最後尾4年の縁
2015年3月12日

1824年はジョージ・スミスが所有する、グレンリベット蒸溜所、が国家公認の蒸留所になった年です。
それ以来、正式な酒製造業者ライセンス持つ、グレンリベット蒸留所は、堂々と製造販売に乗り出す。
だがスコットランドにおいては、依然として密造酒が製造されていた。

密造酒製造者たちは、不利な立場に立たされ、ジョージ・スミスに反感を持つ。
ジョージ・スミスは身の危険を感じ、絶えず護身用の拳銃を、肌も離さず持ち歩いたという。
なぜ密造が横行したのか?

それは1707年に遡る。
その年に連合法(Acts of Union)が成立し、スコットランド王国はイングランド王国に併合され、グレートブリテン王国が建国された。
その時以来、連合王国はスコットランドで製造されるウイスキーに増税をかけた。
それに反発する人々は増税を避け、渓谷の奥地へ逃げ込み、密造酒を盛んに造った。

その結果、偶然に発見されたのが、使い捨てられたたシェリー樽に、熟成することであった。
夜陰にまみれ僅かに市場へ売りだされたウイスキー以外は、深い渓谷の湿潤な気候の中に眠る。
そして長い眠りから覚めたウイスキーは、馥郁とした香りを湛え、琥珀色の宝石の輝きに満ちていた。
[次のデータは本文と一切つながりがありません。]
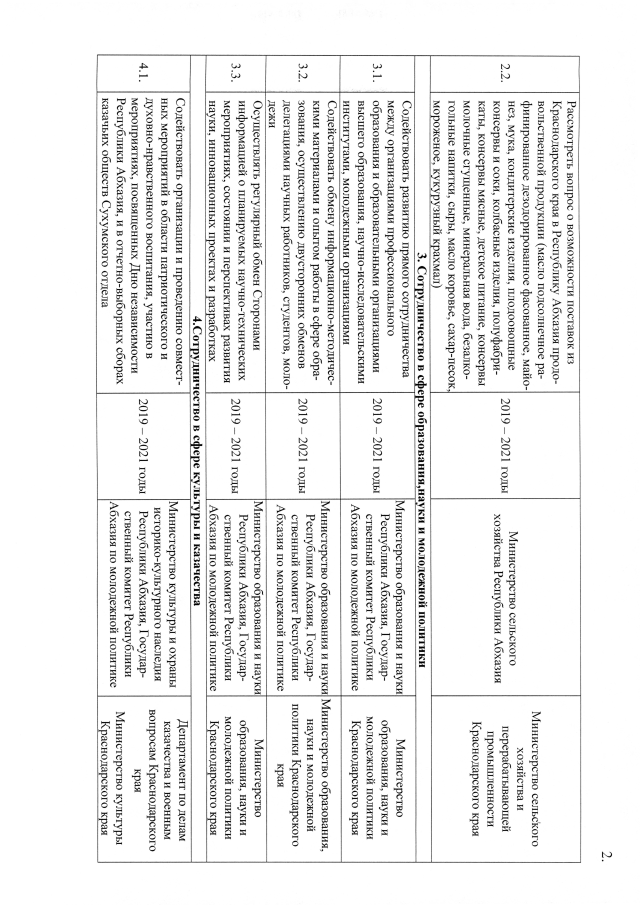 Постановление Кабинета Министров Республики Абхазия от 08.02.2019 № 18 "Об одобрении Программы мероприятий на 2019 - 2021 годы по реализации Соглашения между Правительством Республики Абхазия и Администрацией Краснодарского края (Российская Федерация) о торгово-экономическом, научно-техническом, гуманитарном и культурном сотрудничестве от 28.07.2009 г."

その1824年の100年後の1924年(大正13年)、寿屋(現在のサントリー)が、
大阪の北に位置する山崎の地で
日本初となるウイスキーの蒸留を始めた。
英国からウイスキーの製造技術を学び、日本へ帰国した竹鶴政孝を、寿屋の創業者・鳥井信治郎が招聘したのである。
そして1929年に日本初のウイスキー白札を発売した。

残念ながら白札は煙くさく敬遠され、販売は惨憺たる有様であった。
それから10年後の1934年(昭和9年)、竹鶴政孝は寿屋と袂を分かち、ウイスキー造りの理想郷、
北海道の余市に、大日本果汁
(現在のニッカウヰスキー(鰍設立し、ウイスキー製造へ船出した。
だが道のりは悪戦苦闘の連続で、何度も経営危機に瀕した。

1934年から50年後の1964年は、東京オリンピックの開催された年である。
それから20年後の1984年に、私の店・ShotBarピーポッポが創立した。
最後尾の4年の不思議な縁!

そんなことをお客様と話していたら、
「マスター、私たち3人も、1974年生まれです!」
その時、数字の偶然に不思議を感じた。